◆ **EXERCISE**: Word for word, restate the lines from the one holding "厦门中实-竞争性谈判-201" through the last line of the material below, and leave every picture out.

##########

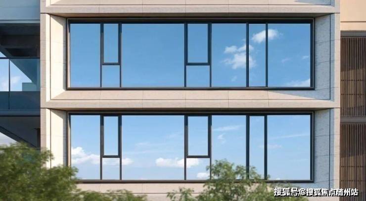 其次是建筑采用经典的三段式立面,集合仿石铝板、三玻两腔LOW-E玻璃和香槟色铝板线条,形成方正有序的框感,把每一户的居住领地感拉到极致。
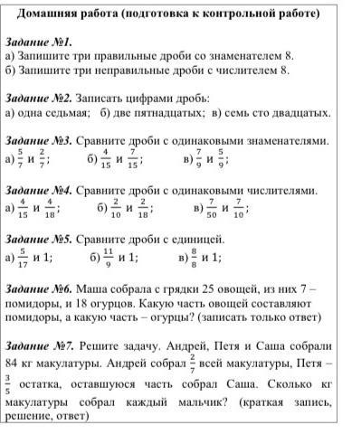 Матиматика дроби и другие задания описание всех заданий в скриншоте
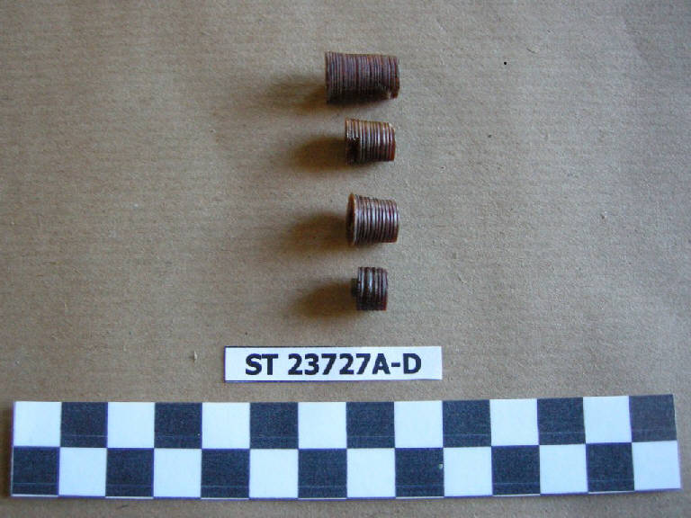 A, B, C): vaghi in ambra di forma troncoconica, profilati; D) vago in ambra di forma cilindrica; sono tutti attraversati da un foro passante all'interno del quale A, B e D conservano anima in filo di bronzo e probabile materiale ligneo. Ornamento di fibula.
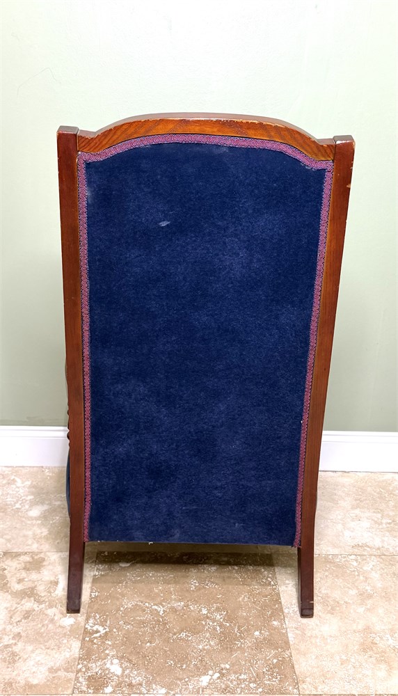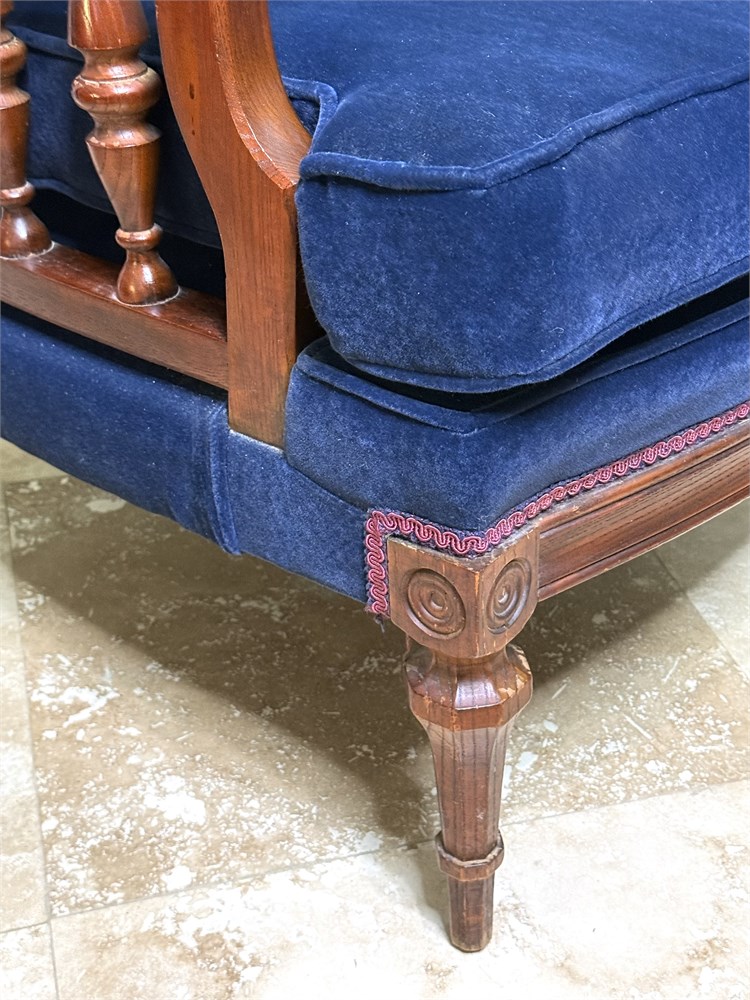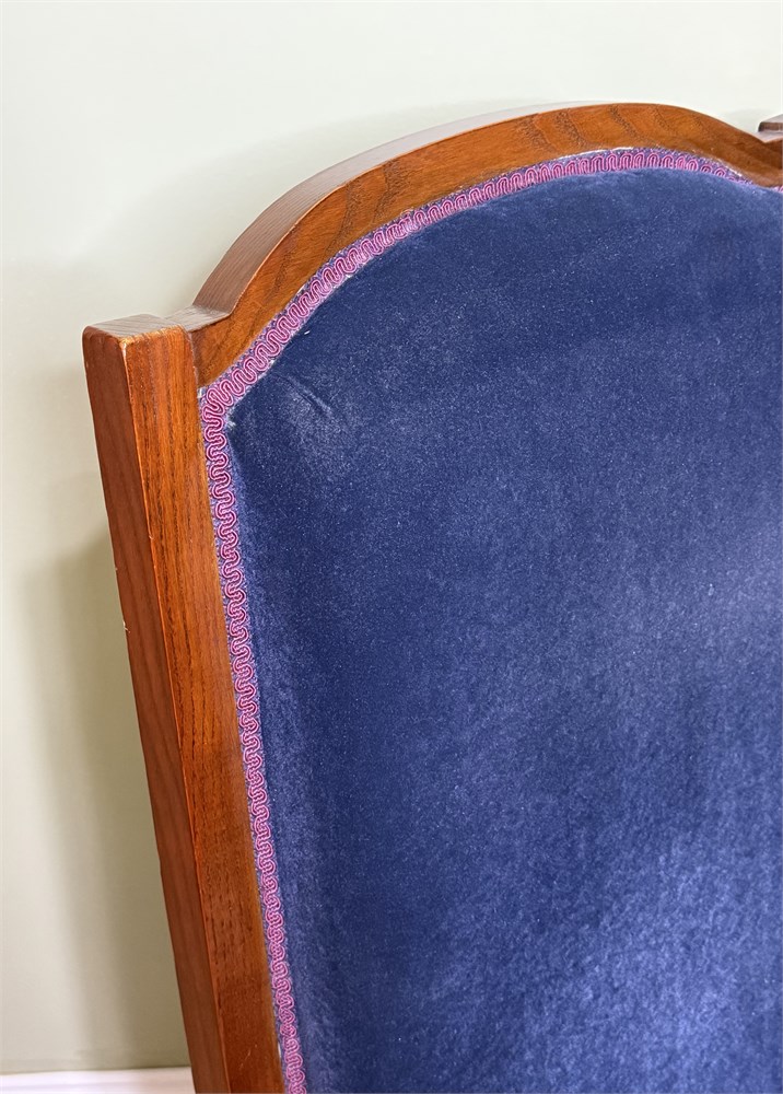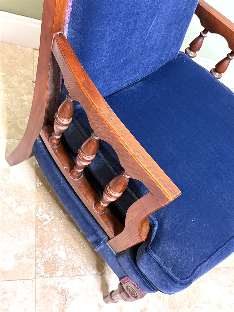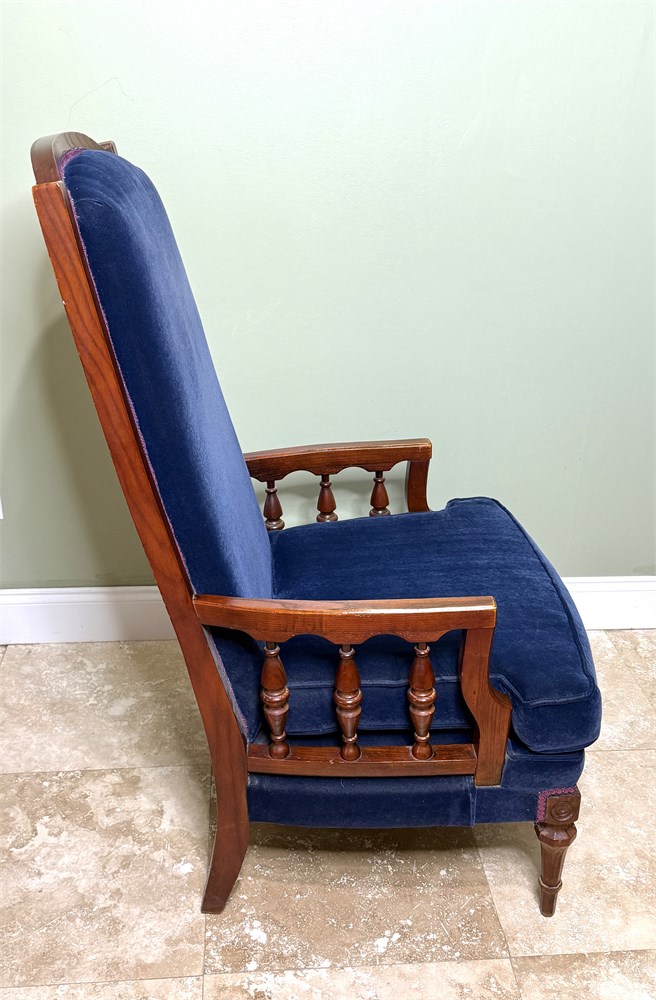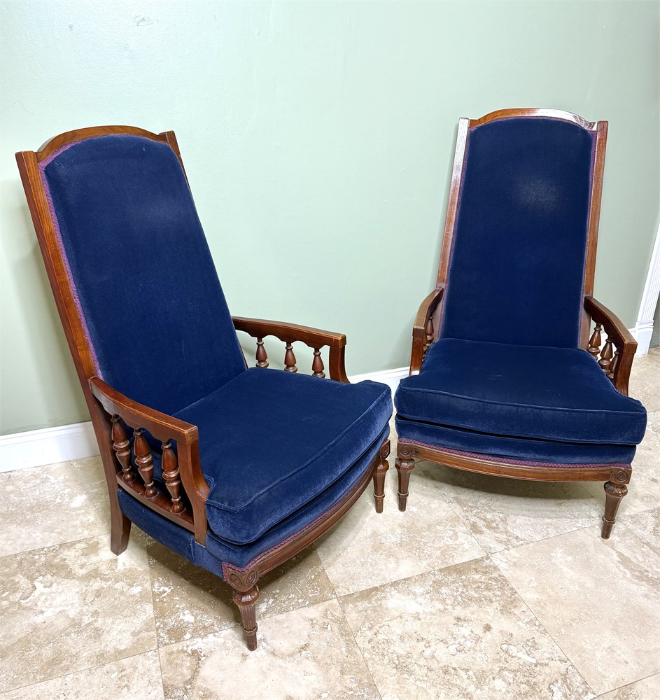 Set of 2 Vintage Blue Velvet High Back Victorian Hardwood Chairs w/ Spindle Arms View Watchlist >
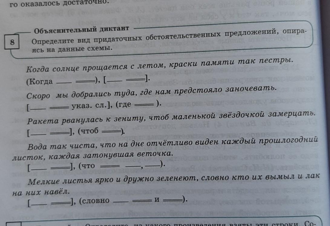 Определите вид придаточного обстоятельственных предложений,опираясь на данные схемы
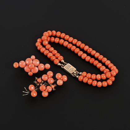 2-reihiges Korallenarmband und 2 Broschen, um 1900.
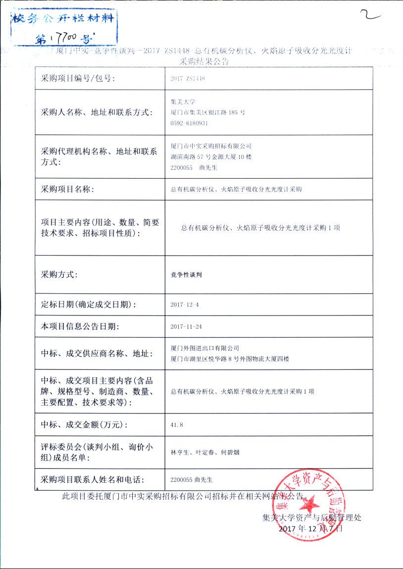 厦门中实-竞争性谈判-2017-ZST448-总有机碳分析仪、火焰原子吸收分光光度计采购结果公告
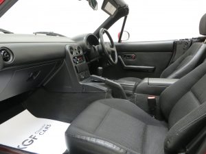 This truly exceptional Mazda MX-5 in factory original Classic Red, (Code SU), boasts a pristine deep gloss shine and impeccable finish. The showroom fresh appeal with absolutely no colour fade or deterioration to the paintwork is owing to the incredible low mileage, garaged storage from new and dry usage only. The underside and sills are detailed to concours standard and the car has competed successfully at such events. Miniscule chips around the fuel filler and a tiny 1cm scratch on the rear bumper are utterly minor imperfections. The black canvas hood is in perfect order with a tight fit and no cracks or damage and the rear plastic window is clear with no crease marks whatsoever. The epitome of a modern classic sports car, preserved to the highest order.

##########

◆ **YOUR RESPONSE**:
 厦门中实-竞争性谈判-2017-ZST448-总有机碳分析仪、火焰原子吸收分光光度计采购结果公告
 This truly exceptional Mazda MX-5 in factory original Classic Red, (Code SU), boasts a pristine deep gloss shine and impeccable finish. The showroom fresh appeal with absolutely no colour fade or deterioration to the paintwork is owing to the incredible low mileage, garaged storage from new and dry usage only. The underside and sills are detailed to concours standard and the car has competed successfully at such events. Miniscule chips around the fuel filler and a tiny 1cm scratch on the rear bumper are utterly minor imperfections. The black canvas hood is in perfect order with a tight fit and no cracks or damage and the rear plastic window is clear with no crease marks whatsoever. The epitome of a modern classic sports car, preserved to the highest order.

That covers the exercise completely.